Of course I accept, as flows naturally from Division 4, that there is a distinction between information and issues. New information that comes to the attention of the Tribunal may, if it is significant, if the Tribunal considers that it may form part of or the reason for affirming the decision under review, activate section 424A. Clearly there is no automatic effect on section 425 from the fact that section 424A has been activated – 425 dealing with issues. New information might go to an existing issue and have no consequence whatsoever for section 425.

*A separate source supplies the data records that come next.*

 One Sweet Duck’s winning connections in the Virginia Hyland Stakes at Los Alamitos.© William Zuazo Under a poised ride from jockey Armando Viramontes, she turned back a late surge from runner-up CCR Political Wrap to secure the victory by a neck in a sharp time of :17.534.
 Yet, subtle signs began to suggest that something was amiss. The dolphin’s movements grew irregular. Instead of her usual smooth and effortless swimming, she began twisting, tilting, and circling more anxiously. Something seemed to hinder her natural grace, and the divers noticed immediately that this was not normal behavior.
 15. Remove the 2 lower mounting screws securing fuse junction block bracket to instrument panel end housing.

On the other hand, new information might indicate or constitute a new issue arising from a decision under review. In my respectful submission, that is what happened in relation to the information obtained from Mr Cheah and a second hearing was required by the terms of section 425.

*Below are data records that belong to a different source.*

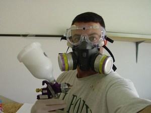The second coat was sprayed 15 minutes later, and looked good. The paint is a 2-part epoxy, and while it is catalyzing it get a bit rubbery. It is important to leave it alone during this stage (I know....).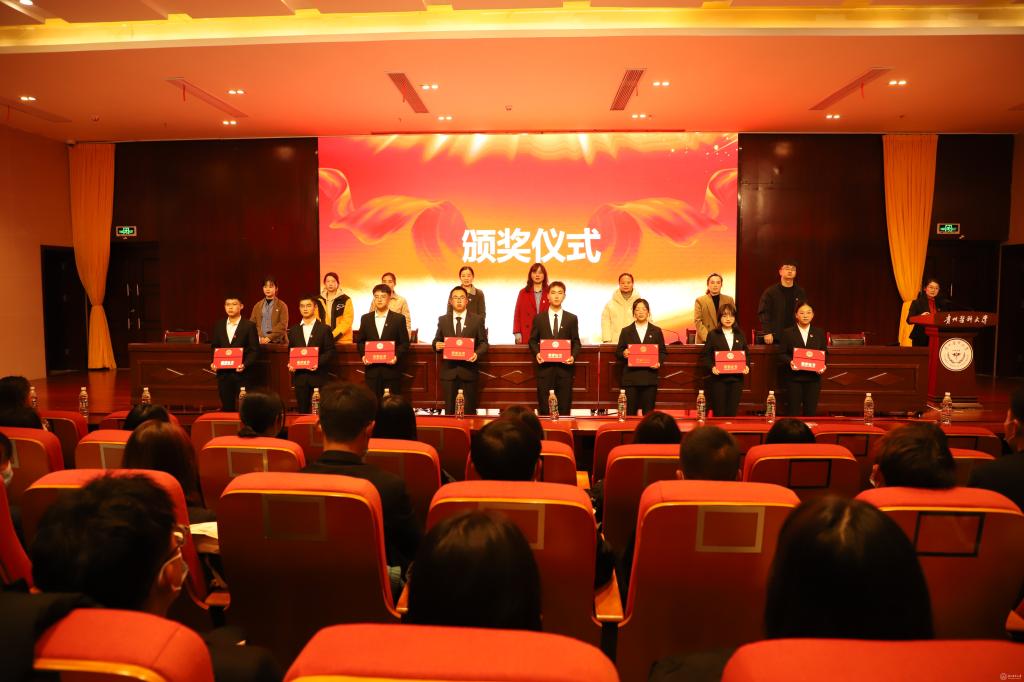 参会领导、老师为优秀学生工作者颁发证书,为学生干部颁发聘书。最后全体成员重温入团誓词,奏唱共青团团歌。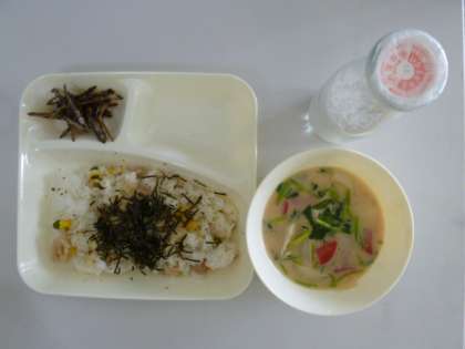 今日の献立は、れんこんのちらしずし、雑煮、ごまめ、牛乳でした。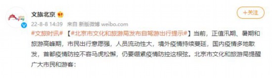 央视网消息:8月8日,北京市文化和旅游局发文布自驾游出行提示。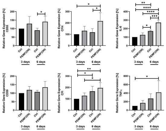 Study 3: In this experimental setup (Table 3), the PEMF stimulation duration was extended to examine its long-term effects compared to previous studies. Thus, synovial fibroblasts were stimulated with PEMF(ON) for 3 days and 6 days, with respective non-stimulated groups serving as controls. After 3 days of stimulation, no significant changes were observed in the gene expression of the analyzed proteins compared to the non-stimulated control. However, there was a notable trend toward increased gene expression in all proteins. After 6 days of stimulation, there was a marked increase in gene expression. Specifically, CD55, CFH, and IL-6 gene expression showed significant elevation in the PEMF(ON) stimulated group compared to the non-stimulated control (Ctrl). Furthermore, the non-stimulated group (Ctrl) displayed significantly lower gene expression of CFI and IL-6 after 3 days compared to the same group after 6 days. Interestingly, the stimulated group PEMF(ON) after 3 days also exhibited lower expression of these genes compared to the same group after 6 days (Figure 4).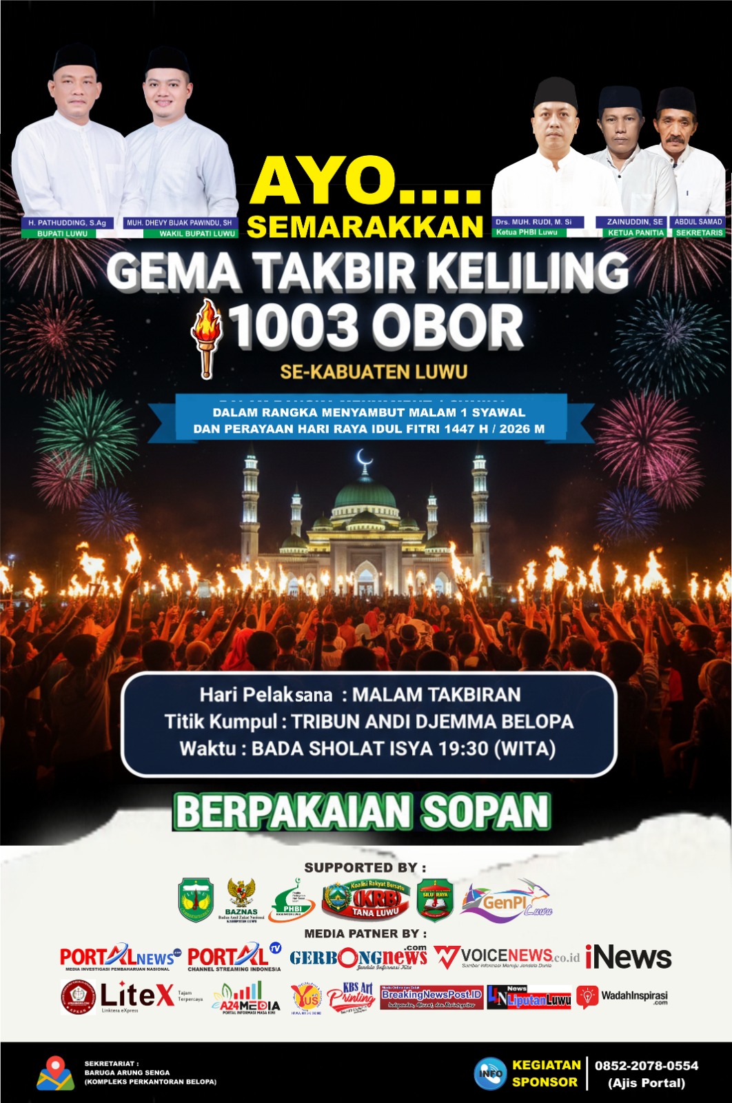 GerbongNews.co.id – Polemik mengenai sumber dana kegiatan Gema Takbir Keliling 1003 Obor se- Kabupaten Luwu Tahun 2026 akhirnya dijelaskan oleh Ketua Pelaksana kegiatan Zainuddin, SE sapaan Akrab Ajis Portal.

CRENNAN J: What was the new issue?
MR LANCASTER: Can I go to the appeal book to answer that, your Honour, but at the end of what I propose to take you to I will be making the submission that the new issue of which the applicant was not previously on notice was that his account to Mr Cheah and Mr Cheah’s knowledge of his past activities in China became an issue after the Tribunal spoke to Mr Cheah. There had not previously been an issue in the application that my client’s account to Mr Cheah and Mr Cheah’s knowledge of my client’s past activities in China was an issue arising in the decision under review. In my submission, framing the issue in that way puts this case in an even stronger position than SZBEL (2006) 228 CLR 152, to which I will return.
Can I go to the record briefly in the appeal book? At appeal book 130 is the letter of 11 April, which is the section 424A letter sent to the applicant. The relevant parts are at line 20 where the Tribunal indicates that it has information that would be the reason or part of the reason for deciding that he is not entitled to a protection visa. Thereafter, the Tribunal records that it spoke to Mr Cheah on 4 April and that certain information was forthcoming, including – just before line 40:
However, Mr Cheah said he did not know whether you were a member of any Local Church in China; where you had lived and worked in China; or whether you had experienced any problems there.

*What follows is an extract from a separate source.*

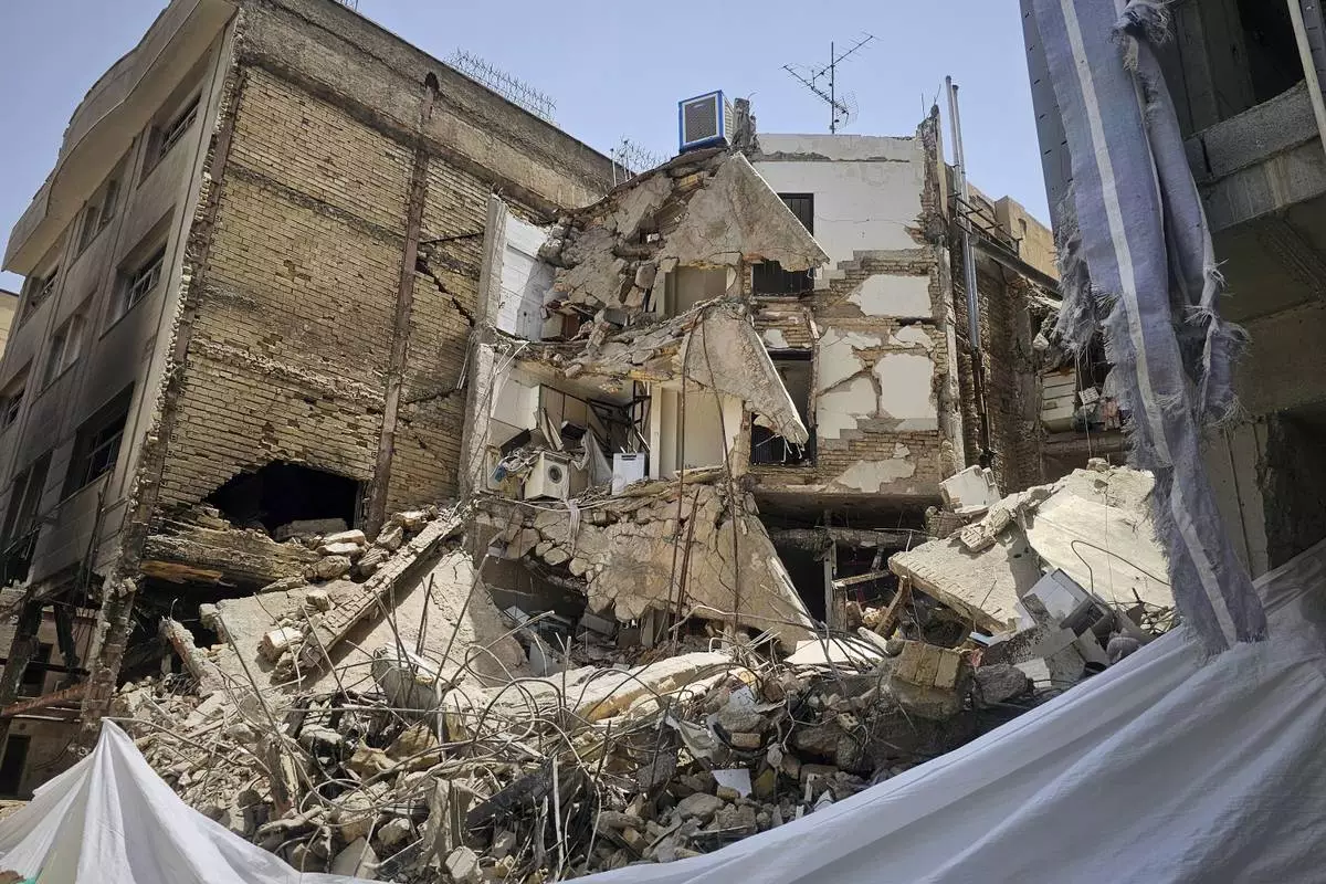 Debris from a strike on a residential building in Tehran, Iran, Friday, June 27, 2025. Many nearby homes were destroyed or severely damaged, leaving them uninhabitable. (AP Photo)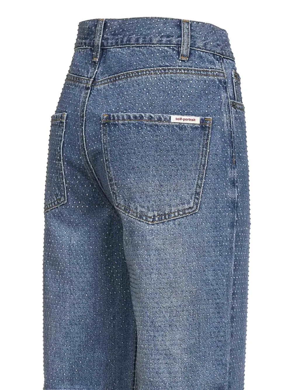 Прямые джинсы с стразами Self-Portrait, синий 69 261₽

The first asserted relevance of that information and the only one I need to take you to in this letter is at the foot of that page 130:
It appears that Mr Cheah’s knowledge of you is superficial. It is surprising that you have not had occasion to inform him of any association with the Local Church in China and your alleged experiences there.
Before that point the applicant had not been on notice that that was an issue arising. To make that good, can I briefly go back to page 118 of the appeal book which is the second of two letters dated 24 January 2007. The first is at page 114, but this one at page 118 is the relevant one. The Tribunal says at line 21:
At your hearing, you gave some evidence about your religious practice in China.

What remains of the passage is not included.